= His Majesty's Government (term) =

Formal term referring to the government of a Commonwealth realm

The phrase His Majesty's Government (or Her Majesty's Government during the reign of a female monarch) is a formal term referring to the government of a Commonwealth realm or one of its constituent provinces, states or territories. In use since at least the height of the British Empire, the phrase has been inherited and integrated into the countries that emerged from that polity and which remain Commonwealth realms.

Where Commonwealth countries have transitioned away from monarchical government (e.g. Malta) the term is entirely redundant, excepting historical usage.

==Geographical history==

In the British Empire, the term His (or Her) Majesty's Government was originally only used in reference to the Imperial government in London. As the Empire developed, and responsible government was granted to more provinces and entities within the Empire, some disambiguation of the term became necessary. In particular, the rise of Dominion status for various Imperial entities demanded phrasing that would reflect differences in The Crown’s operation in different domains. It came to be described as "the Crown in right of Canada", for example.

Alongside this evolving constitutional picture, the practical interests of the various different entities within the Empire were sometimes out of alignment, and it became necessary to particularise the actions of specific entities through their executives. For instance, at the time of the 1893 Bering Sea dispute between Canada and the United States, the interests of Canada and the United Kingdom were opposed but the United Kingdom government handled Canadian foreign relations. The need became obvious with the Statute of Westminster 1931, which effectively made the Dominions equal constituent countries with the United Kingdom in the imperial project, and unavoidable with the transition of the Empire into the Commonwealth of Nations.

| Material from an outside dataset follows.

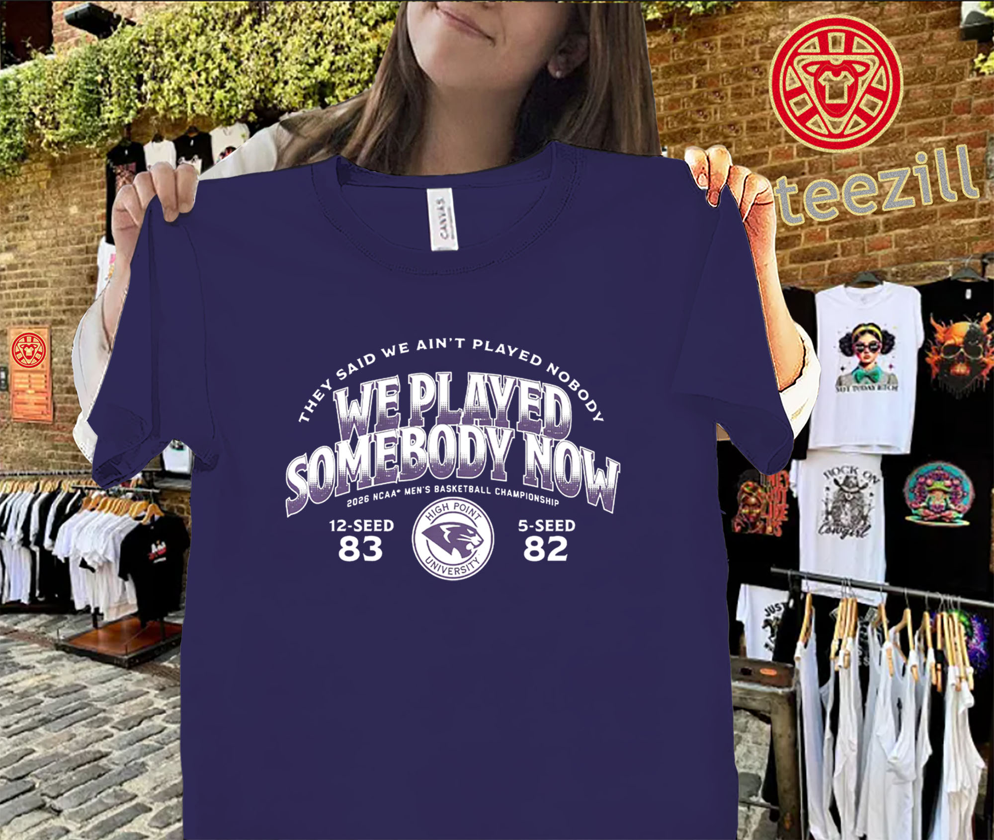 The High Point Panthers Shirt – We Played Somebody March Madness 2026 Tee captures one of the most unforgettable moments in tournament basketball. Celebrating High Point’s stunning victory and the bold statement heard around the game, this design is all about confidence, pride, and proving a point.

Accordingly the form His Majesty's Government in… began to be used by the United Kingdom and Dominion governments, from the 1920s and 1930s onward, to differentiate between independent entities, such as His Majesty's Government in the Irish Free State. Colonial, state, and provincial governments, on the other hand, continued to use the lesser title Government of [region/territory], and eventually the phrase used in the former Dominions altered to mirror that of the UK, becoming, for example, His Majesty's Australian Government.

==Constitutional history and comparative terms==
The term is employed in order to signify that the government of a Commonwealth realm or, less commonly, a division thereof (for instance the Canadian Province of Alberta), belongs to the reigning sovereign, and not to the cabinet or prime minister.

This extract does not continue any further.